In this case, there was a progressive loan repayment scheme. Small amounts were paid (a few hundred dollars per month) before the property hit TOP (Temporary Occupation Permit).
The more significant monthly installments began only after the property hit TOP – this was in 2015.
This also meant it gave me some time to scout for good tenants and market the property.
When I managed to secure a tenant to commit to a 2 year lease – the monthly rental was at $2300 per month.
The monthly installment varied between $1400 to $1500 per month. After deducting various expenses, there was a nett income of a few hundred dollars per month.
Basically, there was a nett gain – this was passive income.
In this case, the tenant paying the monthly rental took away ALL pressure on the monthly loan repayments!
When Is The Best Time To Sell?
Of course, being a human we sometimes make decisions emotionally – rather than logically.
To remain with the property would feel right… emotionally.
Why would I want to part with an investment that gave me positive cashflow every month?
But logically, after looking at the numbers – it was time to exit.
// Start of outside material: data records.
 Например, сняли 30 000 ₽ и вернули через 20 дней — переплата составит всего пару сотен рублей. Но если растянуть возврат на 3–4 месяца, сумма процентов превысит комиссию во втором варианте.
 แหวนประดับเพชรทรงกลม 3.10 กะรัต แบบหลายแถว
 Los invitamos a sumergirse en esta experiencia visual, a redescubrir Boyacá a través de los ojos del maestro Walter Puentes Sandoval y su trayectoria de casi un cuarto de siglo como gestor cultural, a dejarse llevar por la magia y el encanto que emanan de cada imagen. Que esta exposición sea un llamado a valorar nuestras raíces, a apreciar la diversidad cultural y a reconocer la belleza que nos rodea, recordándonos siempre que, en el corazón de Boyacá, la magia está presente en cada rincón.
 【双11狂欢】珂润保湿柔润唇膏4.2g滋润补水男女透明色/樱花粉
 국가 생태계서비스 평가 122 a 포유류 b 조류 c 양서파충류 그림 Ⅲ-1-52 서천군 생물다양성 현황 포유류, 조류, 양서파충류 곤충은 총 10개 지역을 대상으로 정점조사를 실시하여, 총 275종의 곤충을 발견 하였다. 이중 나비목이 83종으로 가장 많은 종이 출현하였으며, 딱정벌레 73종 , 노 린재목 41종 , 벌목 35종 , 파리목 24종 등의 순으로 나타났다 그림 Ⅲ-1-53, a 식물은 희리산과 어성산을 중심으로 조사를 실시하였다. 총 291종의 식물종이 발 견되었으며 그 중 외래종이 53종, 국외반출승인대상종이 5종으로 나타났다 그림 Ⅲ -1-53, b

The truth was – a right buyer at the right price came along and it was that factor that nudged the decision forward.
The only way to realize any gains is to sell the property. Sitting on paper profits feels good psychologically but if the market turns against you – property is a very ill-liquid investment – it becomes very hard to find buyers.
As an agent, I have seen cases of “fire-sales” where properties are sold at significant losses. It happens because of various “pressures” that is on the property owner.
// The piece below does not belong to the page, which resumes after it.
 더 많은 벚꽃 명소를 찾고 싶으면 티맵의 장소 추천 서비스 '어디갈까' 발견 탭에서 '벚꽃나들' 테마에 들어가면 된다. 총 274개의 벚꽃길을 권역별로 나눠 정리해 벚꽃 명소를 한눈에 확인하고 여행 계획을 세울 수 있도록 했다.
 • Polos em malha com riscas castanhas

In this case, we are glad we hit our profit goals and it was time to cash in on the gains.
The best time to sell is when you are making money. The only pressure you have is to realize those gains towards another investment.
Here are the detailed calculations:
Calculating the nett capital appreciation + monthly passive income, that would be
Total Gain of = $89K + $500 x 24 months = $101K
Total Gain was $100K over a period of 6 years
For this property investment, we entered in 2011. As this was a second loan, it meant that there was upfront payment of 40% cash.
As there was a tenant, we can safely ignore the pressure of monthly loan installments. So I will set that aside.
Let’s consider the 40% cash upfront payment of $295,600.
Considering a $100K gain, this was a total of 33.8% return.
This meant an average yearly return of 5.6% per year.
What does that this mean? It means this investment has achieved our target of 5% and also beaten the inflation rate.
Hindsight is always 20/20 – totally perfect vision. What this article is doing is showing you what happens when a property investment plan goes well and smoothly.
This was not to impress you but to press upon you that —- it can always go the opposite manner.
Poor calculations, wrong assumptions, relying on the wrong advice and having no exit plan will always result in a situation that is undesirable and harmful to any would-be property investor. Losses would be the result.